Monday, May 12, 2008


On my recent 48 hours East Coast trip, I had a rare joy; the use of a train instead of a plane to travel. For the first time, I took advantage of Amtrak's Acela Express to get from New York to Boston, and I have to say, the easy access to trains is one if the few things I miss about the East Coast, but the Acela Express takes it to a whole new level.

First, why did I choose the train? My New York meetings were in Long Island. I flew in to JFK and grabbed the connecting Long Island Railroad to get to my destination, so I was already rail-enabled. The price for a shuttle flight from JFK to Boston was about $200; the train? $100. Between waiting for the plane and security, it would have been about 2.5 hours, plus having to get from Boston's Logan airport to 25 miles south of the city to my destination. The train? 3 hours, station to station, 10 miles from where I was staying and no downtown traffic. No brainer.

The experience is all city to city travel should be: fast, comfortable, efficient and elegant. It started with picking up my e-ticket in Penn Station from one of about 50 kiosks. Just like the airport, swipe your credit card for identification, and your ticket prints out. Next came the Acela Express Lounge: a huge area for waiting, away from the hustle and bustle of crowds, just for Acela passengers. Of course, Penn Station's choices of food and drink were ample; I picked up a classic NY Deli sandwich for my dinner to be eaten onboard.

The only annoyance was the lack of information as to what track the Acela would be on until 10 minutes before boarding. Why? Is it a surprise? Don't they know, as it's the most profitable line they run?

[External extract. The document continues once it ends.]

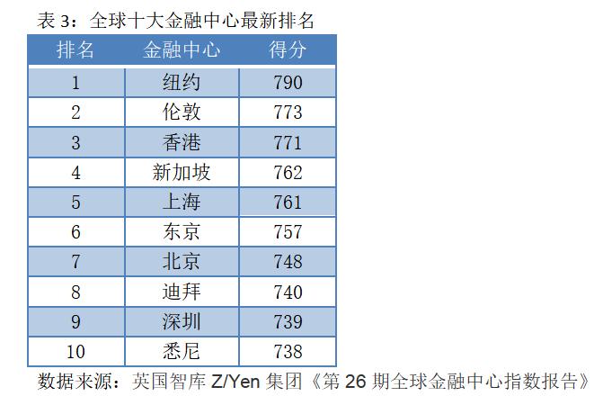 由英国智库Z/Yen集团与中国(深圳)综合开发研究院共同编制的第26期全球金融中心指数报告2019年9月19日在伦敦和深圳同时发布。全球十大金融中心最新排名依次为:纽约、伦敦、香港、新加坡、上海、东京、北京、迪拜、深圳和悉尼(表3)。上海进入前五,仅次于纽约、伦敦、香港和新加坡,与第四名的新加坡仅相差1分。深圳在本期榜单中排名也有较大跃升,较上期提升5位,排名全球第九,与排名第八的迪拜也仅相差1分,并与上海、北京同时跻身全球十大金融中心。随着科创板开板、“沪伦通”开启,上海金融改革开放的步伐正在稳步向前,超越新加坡乃至香港,或为时不远。

On the train, sheer luxury. Each car was filled with oversized recliners, complete with footrests. Power? You bet: a plug at every seat. Storage? Overheads for the coat, or the seat next to you for the laptop case, as there were plenty of seats. Food in the dining car was reasonable, well priced, and an easy walk. But nothing beats the feeling of chatting on the cell, rocketing along in gentle ease, and occasionally checking e-mail or watching a movie. The utter opposite of plane travel. 3 hours of comfort and connectivity, and I arrived at my destination, refreshed, relaxed and ready.

So, explain why we can't have a 4 hour train between LA and SF? Currently, it's a full 24 hours; now, I grant you, it's the nicest ride in the world, but can we pick up the pace for a traveler? I'd definitely go for that for a lunch meeting in LA...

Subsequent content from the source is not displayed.